Active Guidance in Ultrasound Bladder Scanning Using Reinforcement Learning

Accurate measurement of bladder volume is essential for diagnosing urinary retention and voiding dysfunction. However, finding optimal view can be challenging for less experienced operators, potentially leading to suboptimal imaging and potential misdiagnoses. This study proposes an intelligent guidance system leveraging reinforcement learning (RL) to improve the acquisition of ultrasound images in ultrasound bladder scanning procedure. We introduce a novel pipeline that incorporates a practical variant of Deep Q-Networks (DQN), known as Adam LMCDQN, which is theoretically validated within linear Markov Decision Processes. Our system aims to offer real-time, adaptive feedback to operators, improving image quality and consistency. We also present a novel domain-specific reward design for reinforcement learning (RL), incorporating domain knowledge to enhance performance.
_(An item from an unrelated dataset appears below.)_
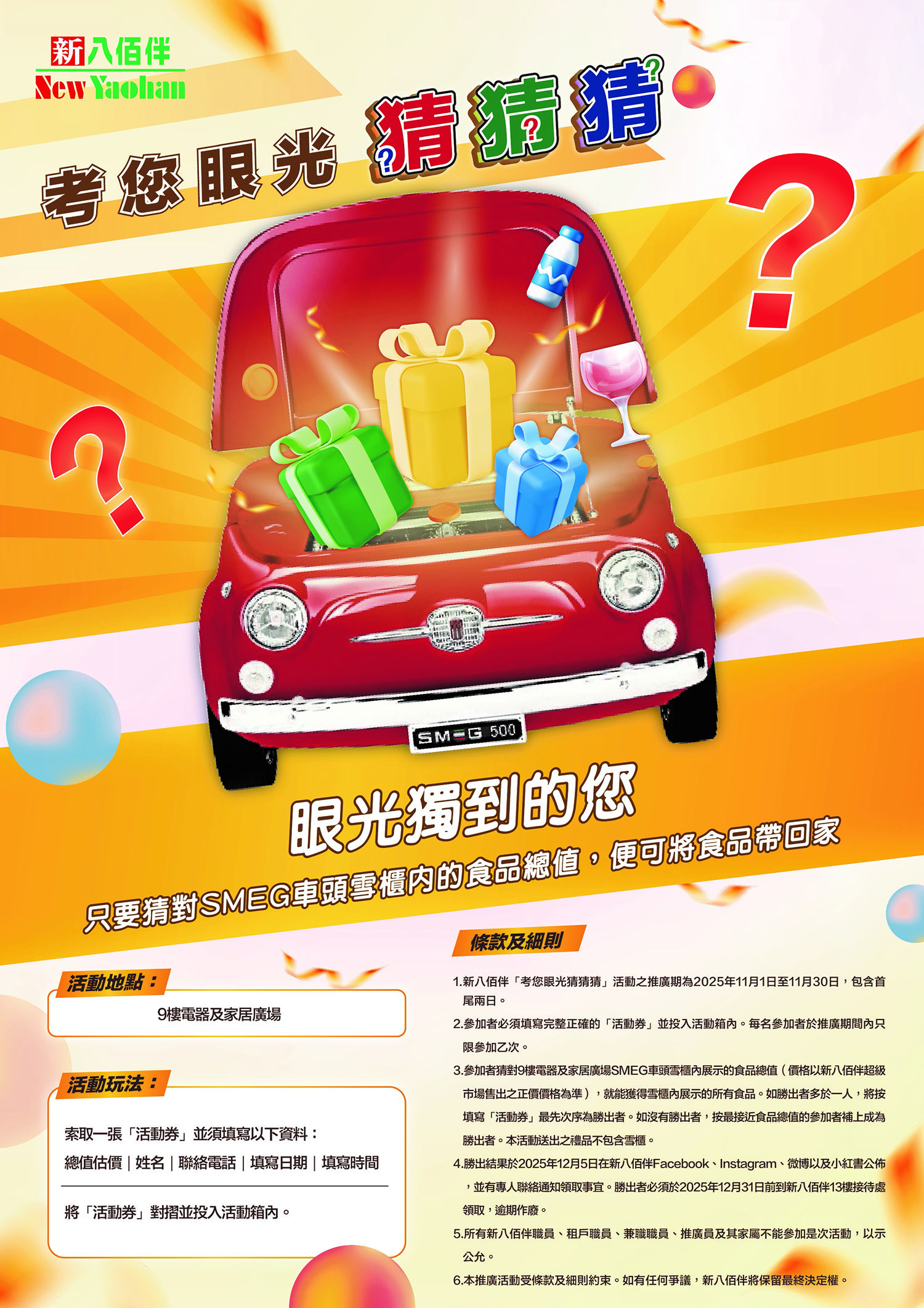 11月份「考您眼光猜猜猜」开始啦!独具慧眼的您,只要来新八佰伴9楼,猜对SMEG车头雪柜入面的食品总值,就可以将所有食品全部带回家!本次「考您眼光猜猜猜」截止日期是11月30日,详情请参阅新八佰伴官方网站。

Our results demonstrate a promising 81 % success rate in reaching target points along the transverse direction and 67 % along the longitudinal direction, significantly outperforming supervised deep learning models, which achieved 58 % and 32 %, respectively. This work is among the first to apply RL in ultrasound guidance for bladder assessment, addressing key challenges in exploration strategies and reward mechanisms to enhance clinical efficacy.